Note de l'auteure: Bonjour/Bonsoir tout le monde! Avant de vous lancer dans la lecture de ce 8ème chapitre, je voudrais un tonnerre d'applaudissement que j'adresse à Hahn tah Yhel pour sa patience infinie et son aide qui m'est très précieuse! Sans elle, je crois que jamais je n'aurais pu terminer ce chapitre car elle a réalisé une bonne partie de ce chapitre, alors chère Neko...Je te remercie mille fois!
PS: Luna', j'espère que ce chapitre répond à tes attentes sur le fait que le faux Cid mérite de mourir!
PPS: Comme toujours, si vous remarquez une faute de frappe ou de temps, merci de me le dire par MP!
Chapitre 8: La sentence est tombée
Après avoir nettoyé le sol et pansé les blessures de Cid, Yazoo et Nanaki sont de retour dans la chambre qu'ils partagent lorsque Tseng n'est pas là, l'ancien Red Treize se pose mille questions, mais ne sait comment les formuler. C'est pourquoi il garde le silence tout en observant Yazoo qui caresse les cheveux d'un Kadaj profondément endormi.

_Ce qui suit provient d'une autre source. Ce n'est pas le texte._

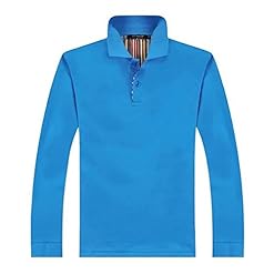 SHANGHAIPAVILION DZ-12 New Men Polo T-Shirt Long Sleeve Cotton Tee Blue L Chest 110CM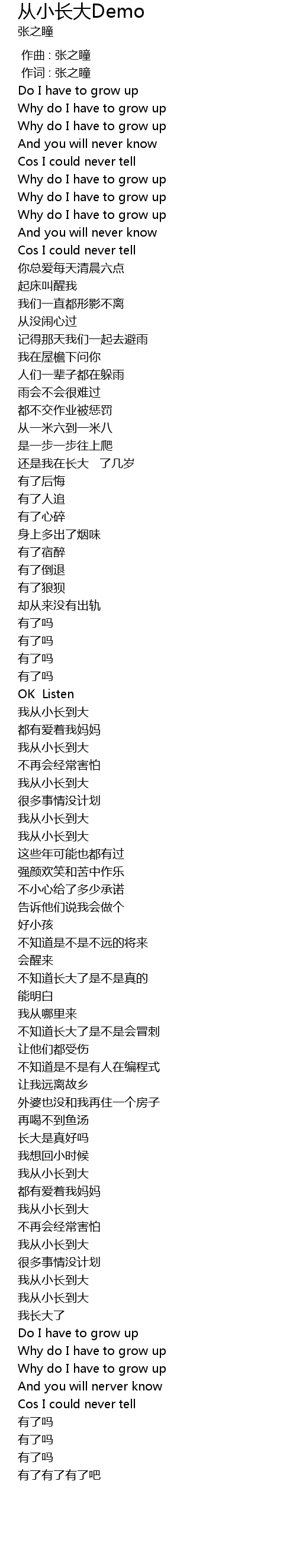 | Song | 从小长大Demo |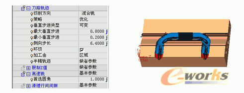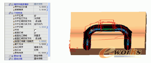 分模面精加工策略选择曲面铣、根据角度精铣,使用这种策略系统会自动查找平缓区域和垂直区域,不同的区域采取不同的加工策略,直到满足图纸要求为止,刀具选择φ16R4环刀。设置参数及刀路轨迹如下: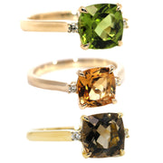 Crafted in 9ct Gold, this exquisite dress ring showcases a cushion cut Gemstone, flanked by a delicate J, SI round cut Diamond on either side in a classic claw setting equaling .04ct. Its sleek, modern design makes it a versatile statement piece.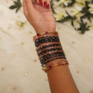 1 dozen glass bangles – Premium glossy black & peach single stone bangles. For 2 Hands – 4 Side kadas – Ruby Prism Sleek bangles with ruby square stones & crystals. 2 dozen glass bangles – Premium glossy black & peach single stone bangles.

Relevant la tête, Yazoo sourit en lisant les questions silencieuses que se posent Nanaki. Lui faisant signe de s'asseoir, sans jamais cesser son activité,Yazoo prend la parole:
-Je devine tes questions, Nanaki, c'est pourquoi je vais y répondre ce soir. D'accord?
-Ça marche. acquiesce l'animal.
-Mon véritable prénom est Edelweiss, je suis bien la jumelle de Loz et la grande sœur de Kadaj. prend la parole Yazoo d'une voix douce et plus féminine que celle que Nanaki lui connaît. Mes frères et moi avons vu le jour et avons grandi dans les laboratoire de Slange, l'homme qui a fait de nouveaux des machines à tuer, machines que Jenova n'a pas hésité à manipuler lorsqu'elle a compris que nous nous questionnions sur l'identité de nos parents.
Une pause. Vite brisée, mais pas une fois Nanaki n'a ouvert la bouche pour prendre la parole.
-Aujourd'hui encore, j'ignore pourquoi Slange m'avait ordonné de me faire passer pour un garçon, mais j'ai du obéir. J'avais sept ans lorsque j'ai pris cette décision et, sans te mentir, je ne la regrette pas. Si me faire passer pour un garçon garantissait la sécurité pour mes frères, je mentirais à nouveau si cela me permet de les protéger.
-Tseng le sait-il? fronce des sourcils Nanaki. Que tu es une femme?
Au nom du Turk, un sourire tendre étire les lèvres de la fille de Vincent:
-Il l'a découvert peu de temps après notre arrestation.
-Je suis heureux pour toi, Ya..Heu, Edelweiss!
Touchée par la maladresse de l'animal, la fille de Vincent certifie à l'ami de sa mère qu'elle ne lui en veut pas, mais lui demande de garder le secret afin de mieux surprendre les autres.
-Compte sur moi. acquiesce, amusé, Nanaki.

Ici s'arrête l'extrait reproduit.